Note: Members of nested structs do not point to the root struct it contains, but to their related nested struct (for instance, ex_node._.pred.n.next points to a ex_edge._.pred). This implies tedious pointer arithmetic when these must be updated.
My solution up to now is
Memcopy all structs
Iterate through all copies
Call a bunch of macros for all fields that contain references (Due to missing RTTI in C, I probably won't come around this)
The macros use
offsetof to calculate the address of the root struct
Retrieve the address of the copied equivalent
offsetof to make the pointer point to the correct nested struct
Is there any easier way to do this? I am also afraid that I forget to add a macro call when I add more fields.
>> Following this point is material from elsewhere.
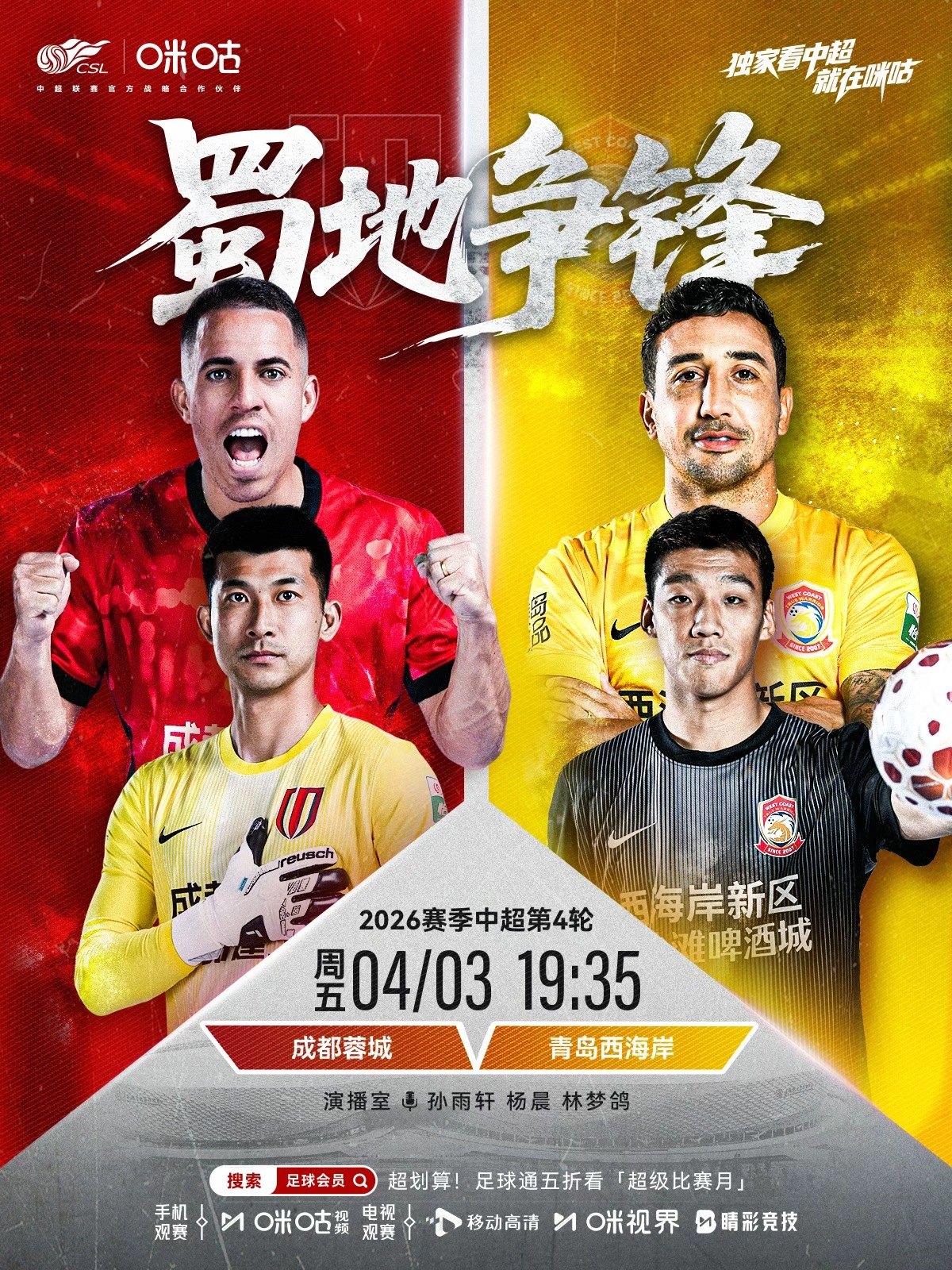 𝑪𝑺𝑳 《蜀地争锋》⚽️ 2026中超联赛第四轮🏟️ 成都蓉城 对阵 青岛西海岸⏰ 4/3周五 19:35 准时收看👀 #成都蓉城vs青岛西海岸##独家看中超就在咪咕#网页链接

I don't think you can do a deep-copy per se, as the pointers will have a memory address assigned to the pointers, the best way I can think of a deep-copy is to simply allocate a new graph structure and copy the data (not pointers) and build it up from there by mallocing the new pointers and adjust the pointers in the ex_node structure. That would be a more thorough solution...
Hope this helps,
Best regards,
Tom.
Sounds ok. My $0.02:
Not sure why you need both li_list and li_node. Further, don't you need a data member for li_node?
The overall structure looks a bit complex (of course, I don't know your requirements) and smells of C++ style design (pardon me, if I am wrong)
memcpy is not required. A simple assignment suffices.
Define a function pointer member for each structure with pointer members, so that you can do:
So:
struct foo {
int datum;
int *p;
foo_copy pfoo;
};
typedef void (*foo_copy)(const struct foo *src, struct foo *dst);
void foo_cp(const struct foo *src, struct foo *dst)
{
*dst = *src; // copy non-pointer data
dst->p = malloc(sizeof *dst->p);
dst->p = *src->p;
}
// somewhere else
struct foo s;
// initalize
struct foo *t = malloc(sizeof *t);
s.copy(&s, &t);
and nested types call appropriate member copy methods ...
memcpy all structs and create a sorted list where each entry contains address of original struct and address of copy of struct.
Now iterate through all copies. For each pointer variables in all copied structs, search pointer in the sorted list and replace it with the address of its copy.
Yes, there is an elegant solution using spanning trees and the decorator pattern.
-First, build a spanning tree of the graph. You can use a DFS (Depth First Search)
or a BFS(Breadth First Search) to achieve this. Use the decorator pattern to give
each each visited node a unique identifier.
-Next, (or at the same time) traverse the spanning tree from start to finish
and begin building your second tree by allocating new nodes and connecting
the edges that form the spanning tree.
-Finally, take one more pass through the spanning tree, and using the synchronized
identifiers, connect the remaining missing edges in the new graph, so that they match the
connectivity of the old graph.
(e.g. If node5 in graph1 has edges connecting to node7 and node 11, then
use the ordering of graph2 to connect its node5 to its node7 and 11.)